__WHAT IS EXPECTED__
Starting with the line below that holds "Add some vintage" and stopping after the line that holds "Otočená čalouněná židle", transcribe the lines exactly, leaving out all pictures.

__PROVIDED ENTRIES__
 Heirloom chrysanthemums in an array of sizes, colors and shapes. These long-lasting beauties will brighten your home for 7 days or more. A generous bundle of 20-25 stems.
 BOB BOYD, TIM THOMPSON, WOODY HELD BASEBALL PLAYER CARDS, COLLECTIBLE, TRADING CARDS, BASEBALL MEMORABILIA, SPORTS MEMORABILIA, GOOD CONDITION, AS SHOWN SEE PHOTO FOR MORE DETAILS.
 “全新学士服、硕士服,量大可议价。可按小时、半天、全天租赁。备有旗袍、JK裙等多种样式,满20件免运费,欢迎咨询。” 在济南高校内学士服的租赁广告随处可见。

...

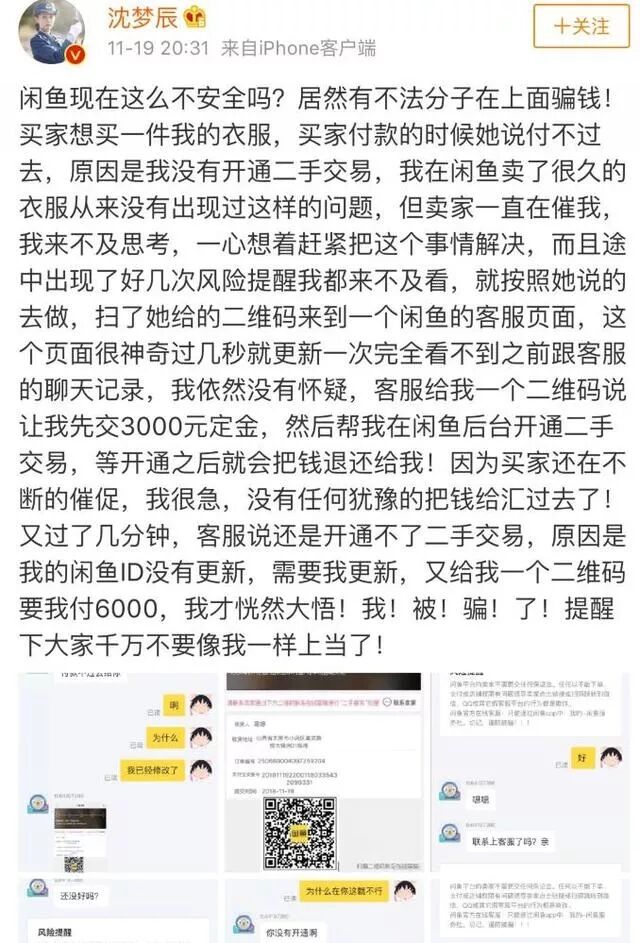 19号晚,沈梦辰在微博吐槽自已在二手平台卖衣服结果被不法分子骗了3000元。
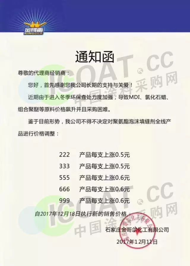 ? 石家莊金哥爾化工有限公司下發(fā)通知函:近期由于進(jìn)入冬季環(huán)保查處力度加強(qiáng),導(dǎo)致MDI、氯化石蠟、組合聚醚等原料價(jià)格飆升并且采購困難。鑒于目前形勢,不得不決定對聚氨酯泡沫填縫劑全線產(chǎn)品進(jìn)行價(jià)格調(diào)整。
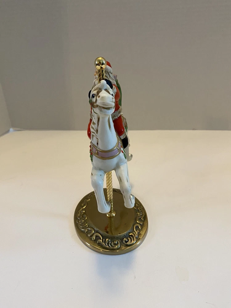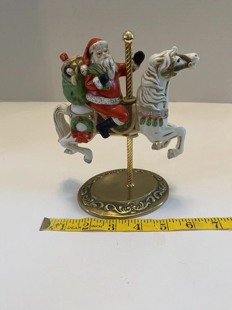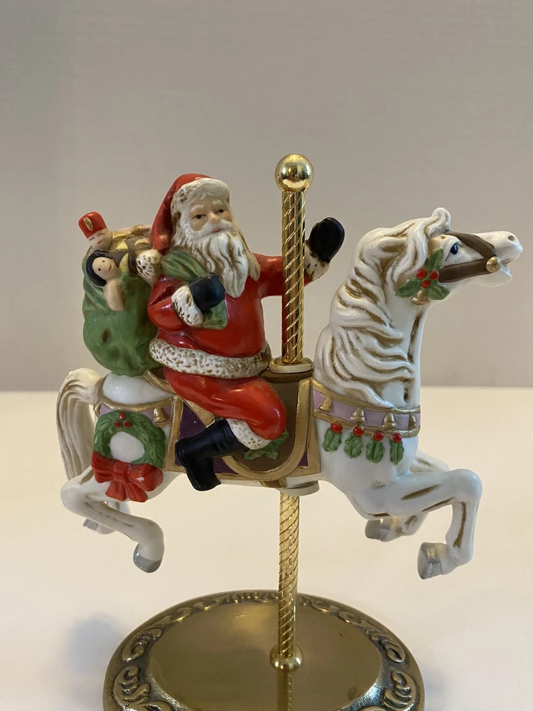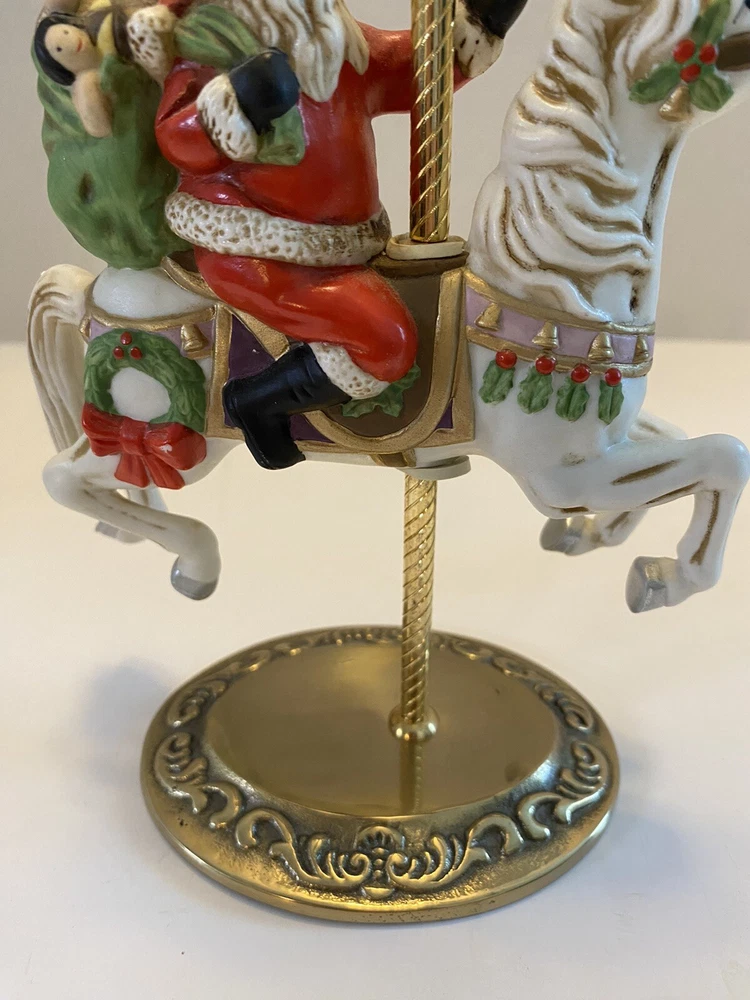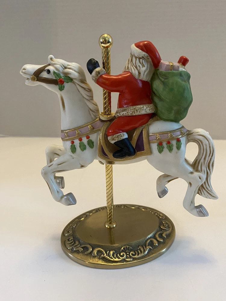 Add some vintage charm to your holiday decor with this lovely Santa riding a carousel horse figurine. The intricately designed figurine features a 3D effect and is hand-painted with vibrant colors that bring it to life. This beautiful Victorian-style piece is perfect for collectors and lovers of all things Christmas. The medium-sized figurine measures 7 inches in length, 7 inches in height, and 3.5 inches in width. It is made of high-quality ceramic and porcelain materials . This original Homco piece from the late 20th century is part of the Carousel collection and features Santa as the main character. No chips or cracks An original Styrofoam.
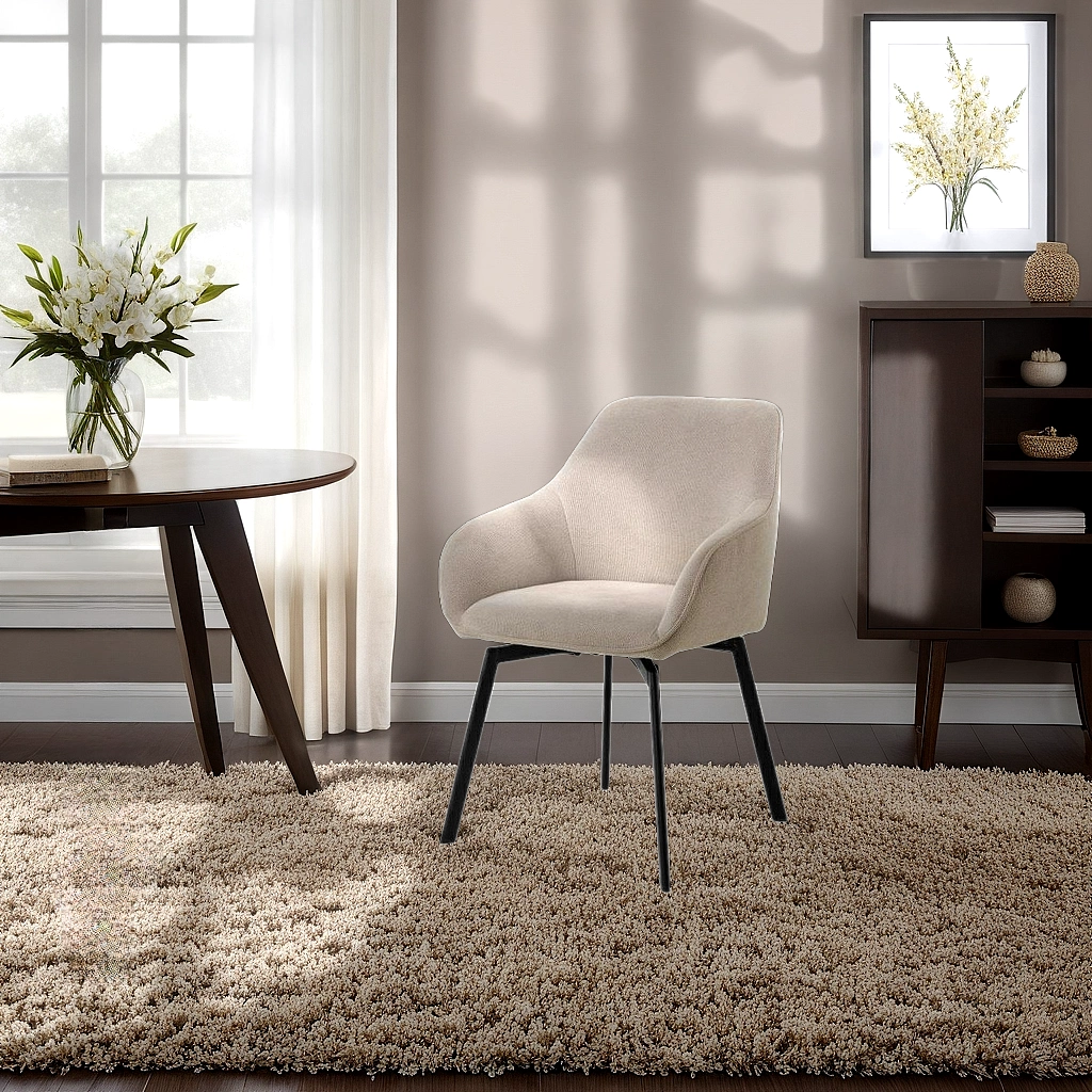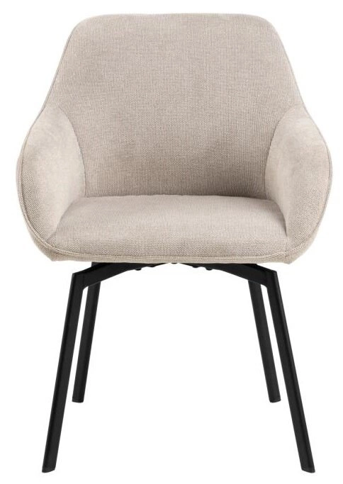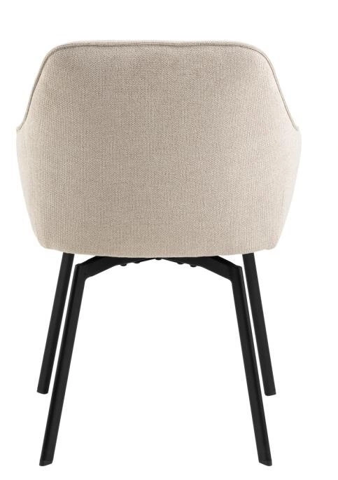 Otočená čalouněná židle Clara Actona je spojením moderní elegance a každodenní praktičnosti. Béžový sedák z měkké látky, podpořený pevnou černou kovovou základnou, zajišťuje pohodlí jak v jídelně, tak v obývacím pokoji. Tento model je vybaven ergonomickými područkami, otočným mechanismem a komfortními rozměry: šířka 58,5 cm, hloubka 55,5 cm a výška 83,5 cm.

==

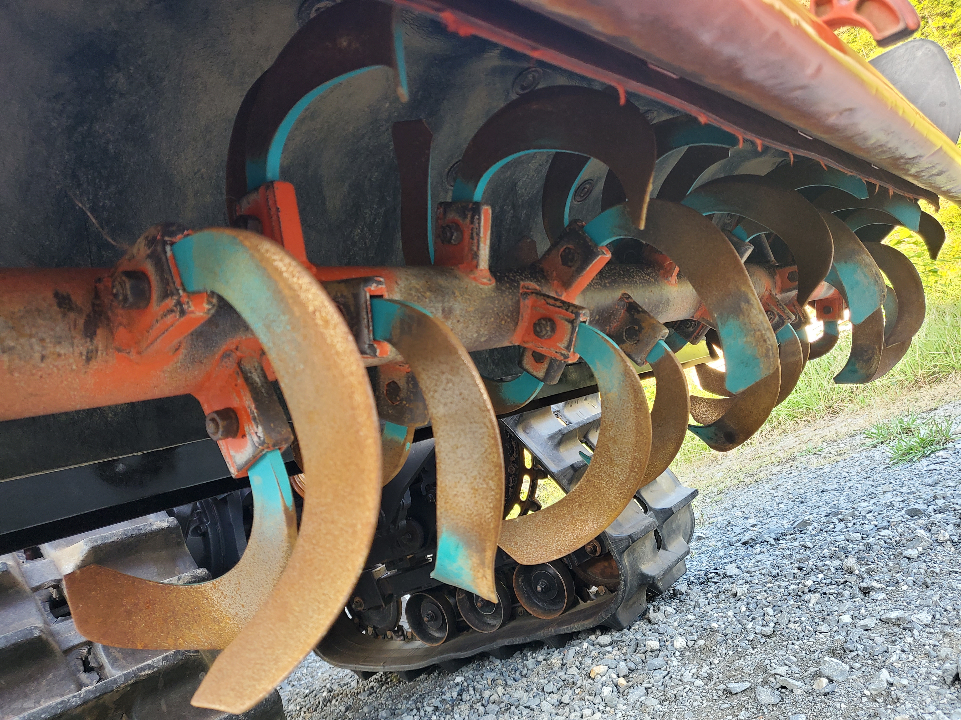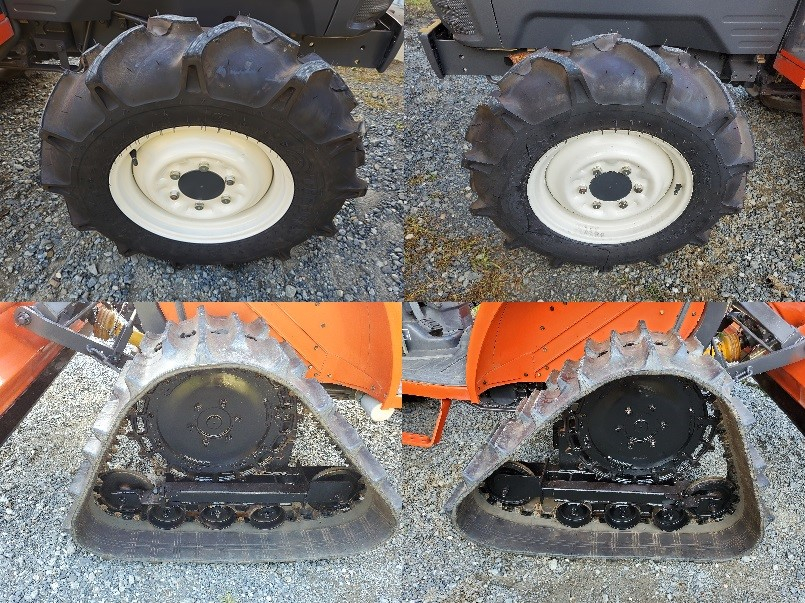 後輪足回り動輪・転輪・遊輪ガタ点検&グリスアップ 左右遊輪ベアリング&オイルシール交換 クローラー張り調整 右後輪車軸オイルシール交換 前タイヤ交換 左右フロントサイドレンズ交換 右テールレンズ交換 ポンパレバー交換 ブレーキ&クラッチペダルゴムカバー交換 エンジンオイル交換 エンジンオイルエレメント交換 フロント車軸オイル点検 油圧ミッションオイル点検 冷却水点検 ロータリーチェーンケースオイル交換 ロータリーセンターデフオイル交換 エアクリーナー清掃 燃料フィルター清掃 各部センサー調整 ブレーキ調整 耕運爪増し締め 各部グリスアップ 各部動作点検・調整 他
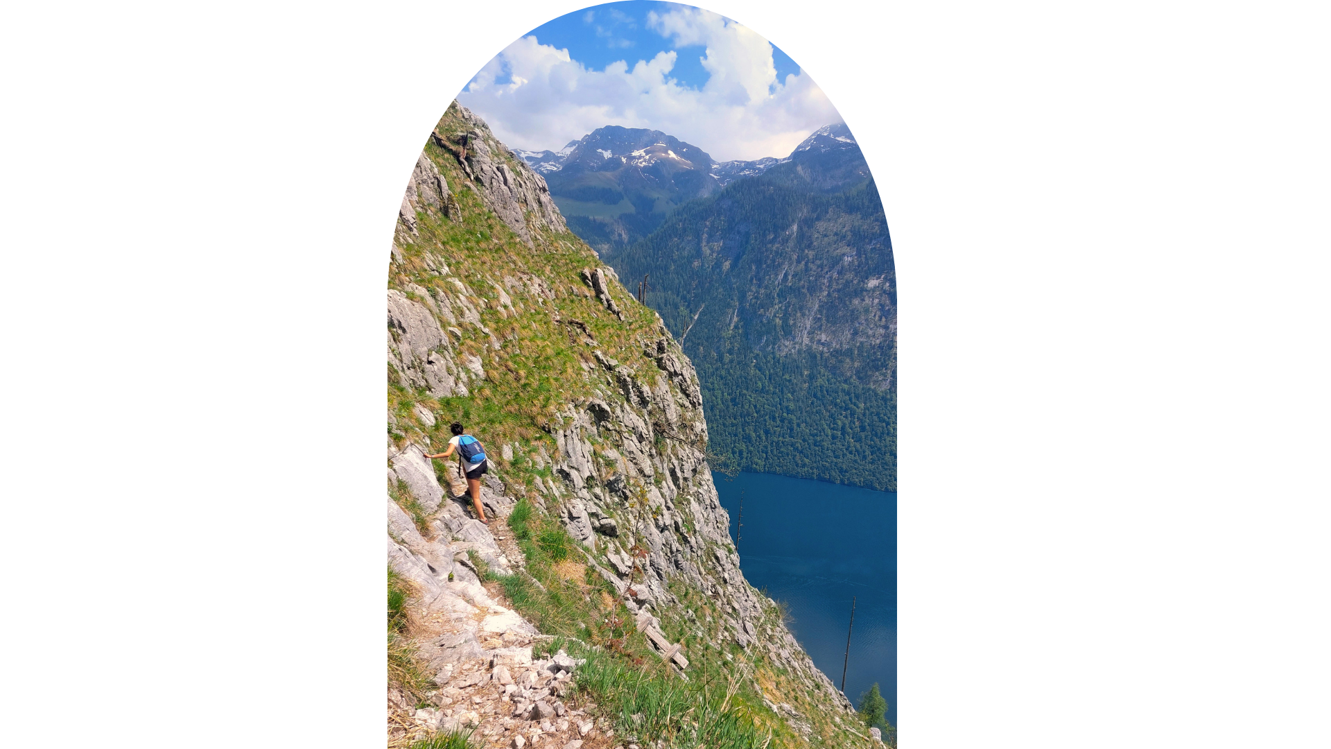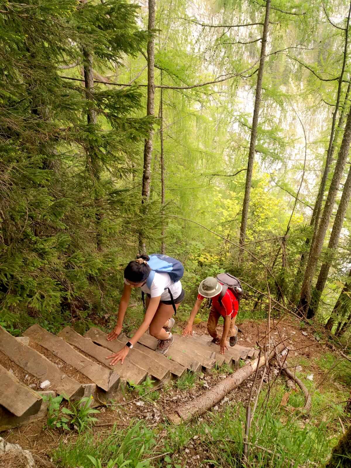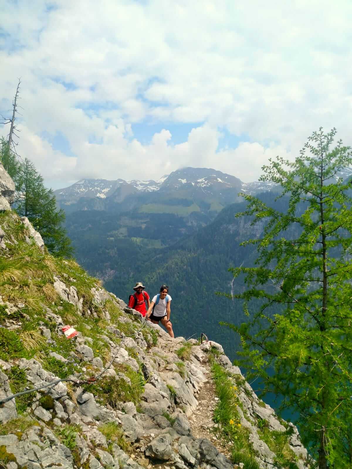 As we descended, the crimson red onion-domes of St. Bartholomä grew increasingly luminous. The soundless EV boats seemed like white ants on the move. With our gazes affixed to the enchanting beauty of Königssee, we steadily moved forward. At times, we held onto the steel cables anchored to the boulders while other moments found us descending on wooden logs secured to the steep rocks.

__REPLY__
 Add some vintage charm to your holiday decor with this lovely Santa riding a carousel horse figurine. The intricately designed figurine features a 3D effect and is hand-painted with vibrant colors that bring it to life. This beautiful Victorian-style piece is perfect for collectors and lovers of all things Christmas. The medium-sized figurine measures 7 inches in length, 7 inches in height, and 3.5 inches in width. It is made of high-quality ceramic and porcelain materials . This original Homco piece from the late 20th century is part of the Carousel collection and features Santa as the main character. No chips or cracks An original Styrofoam.
 Otočená čalouněná židle Clara Actona je spojením moderní elegance a každodenní praktičnosti. Béžový sedák z měkké látky, podpořený pevnou černou kovovou základnou, zajišťuje pohodlí jak v jídelně, tak v obývacím pokoji. Tento model je vybaven ergonomickými područkami, otočným mechanismem a komfortními rozměry: šířka 58,5 cm, hloubka 55,5 cm a výška 83,5 cm.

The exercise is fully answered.